Tired of those emails from government officials in various African countries? Still want to keep up with the IEEE Virginia Council electronically? On solution may be our RSS feed. RSS stands for Resource Description Format (RDF) Site Summary (RSS), although you will find a lot of other interpretations such as Rich Site Summary. For those of you who are really interested, the specifications are available at web.resource.org/rss/1.0 .

For the rest of us, what RSS provides is a cross between newsgroups and PointCast. The RSS reader looks a lot like a Network News Transport Protocol (NNTP) reader. Instead of users posting to newsgroups, web site owners publish short summaries of their latest news with links to the full story. The user subscribes only to the sites he or she wants to monitor.

You can find a huge selection of readers, but FeedReader (www.feedreader.com) is free and works quite well.
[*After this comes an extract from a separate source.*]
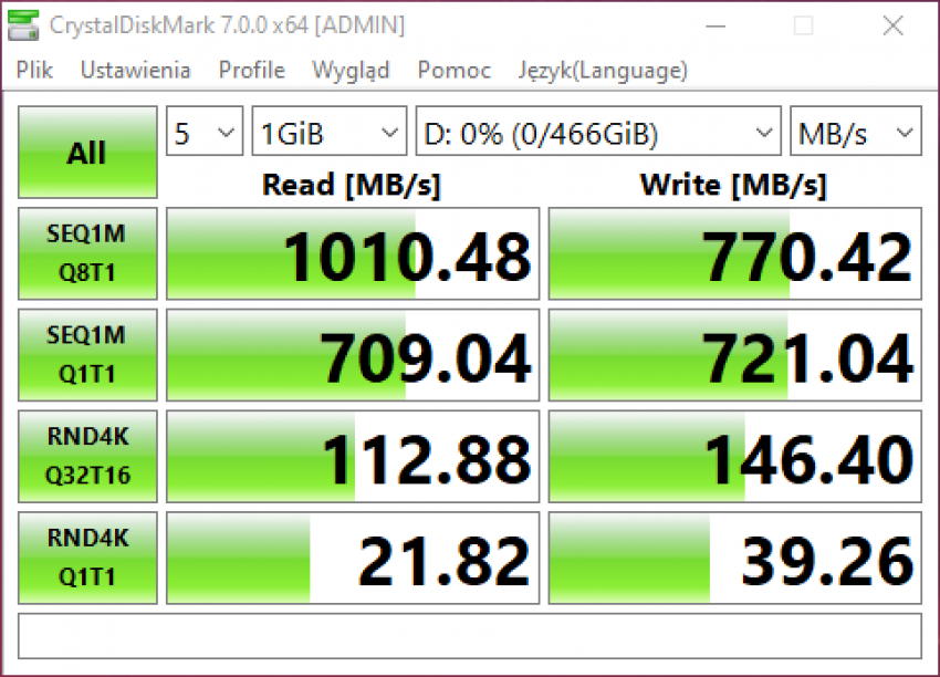 W celu wykonania pełnej analizy pracy urządzenia przeprowadziłem także testy na komputerze stacjonarnym z systemem Windows 10, używając programu CrystalDiskMark.

Another good reader is SharpReader (www.sharpreader.net). OS X users will enjoy Vienna (www.vienna-rss.org).

After you download your RSS Feed Reader, subscribe to our blog feed ( ieeehamptonroads.blogspot.com/feeds/posts/default). Each time the blog is updated, the change is recorded in this summary file. When the file changes, the reader will alert you. But the really good news is that you can use the same tool to monitor hundreds of web sites. Your reader will come with a number of very useful news aggregation sites. These sites monitor groups of sites and report their findings to a single file. Many of these news aggregation sites are fed automatically and even allow you to query a dynamic RSS feed using key words and Boolean logic. A comprehensive list of news feeds is available at www.syndic8.com.

I work for the Federal Government and I used to have wait weeks for my industry rags to mature in the mailroom before they were delivered to me. Now I read the latest industry news on-line long before the paper versions show up on my desk. Maybe your local computer Nazi's won't let you load any software on your computer but you would still like to monitor a news aggregation service. What is a fellow to do? Bloglines (www.bloglines.com) provides a web based interface. Many other sites such a Google and Yahoo also offer web based interfaces. I actually prefer these web based solutions to an local application. You do need to consider the privacy issues they may introduce.